The boy drew in a sharp breath of bewilderment as his glowing eye stared back at him on a bed of velvet. He glanced up at Meya, then down at his eye, and back up again, his pale lips slightly parted in disbelief.
"You settled the debt?" He managed at long last, his voice strangled as he flattened himself against the wall, as if hoping to sink away and become part of the gray stone, "I don't have gold. I don't have blood. I don't have nothing to pay no more."
"You need only to come serve our Lady." Meya forced her voice through the bitter lump of swallowed tears and fury in her throat. She edged slightly closer, propping one hand on the ground to steady herself, "You'll have your eye back, and plenty of meat to put some flesh under that skin, and some blood under those cheeks."
The boy considered it for roughly a beat of his feeble heart, then shook his head. An unwise move, as it sent him cradling his head in nausea right after.
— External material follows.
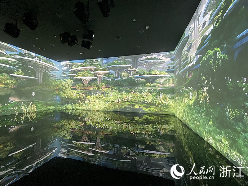 Photo shows an immersive digital exhibition hall, which is located on the basement floor of the National Wetland Museum of China in Hangzhou, east China's Zhejiang Province. (People's Daily Online/Fang Pengyimeng)
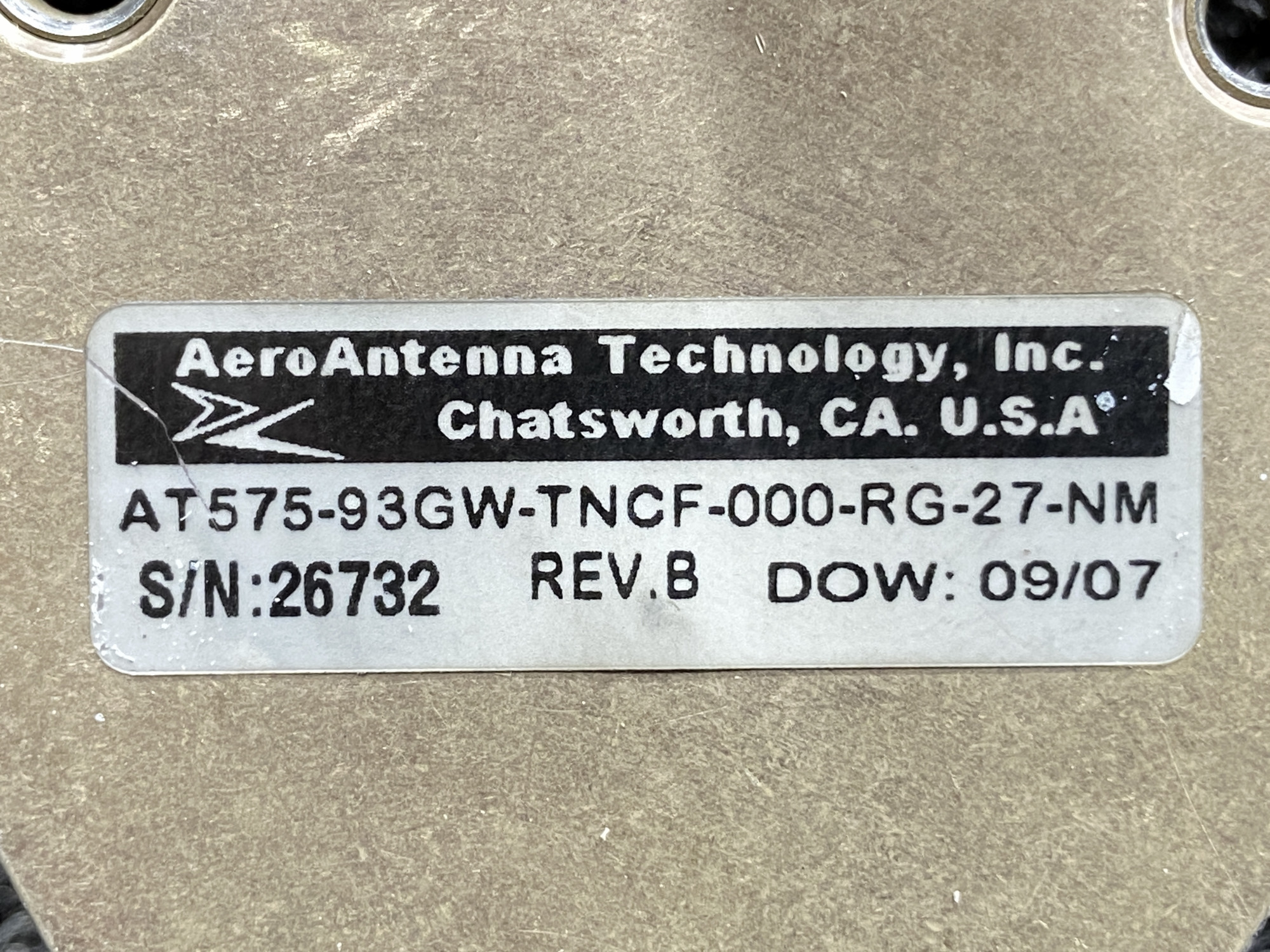 - AeroAntenna Part Number: AT575-93GW-TNCF-000-RG-27

"I can't leave Jaise." He whimpered, his voice muffled by his knees as he curled in on himself, like a frightened, naked hedgehog whose spines had been plucked, "I have to have meals ready for Dad every day. And work in the orchard. And come give blood here every fortnight."
But you don't need to!
Meya longed to retort, even though she knew it probably wouldn't elicit the response she wanted. She couldn't understand the boy. Meya was never one to bow and meekly accept unfairness. She would've been long gone to make a life of her own if it were her.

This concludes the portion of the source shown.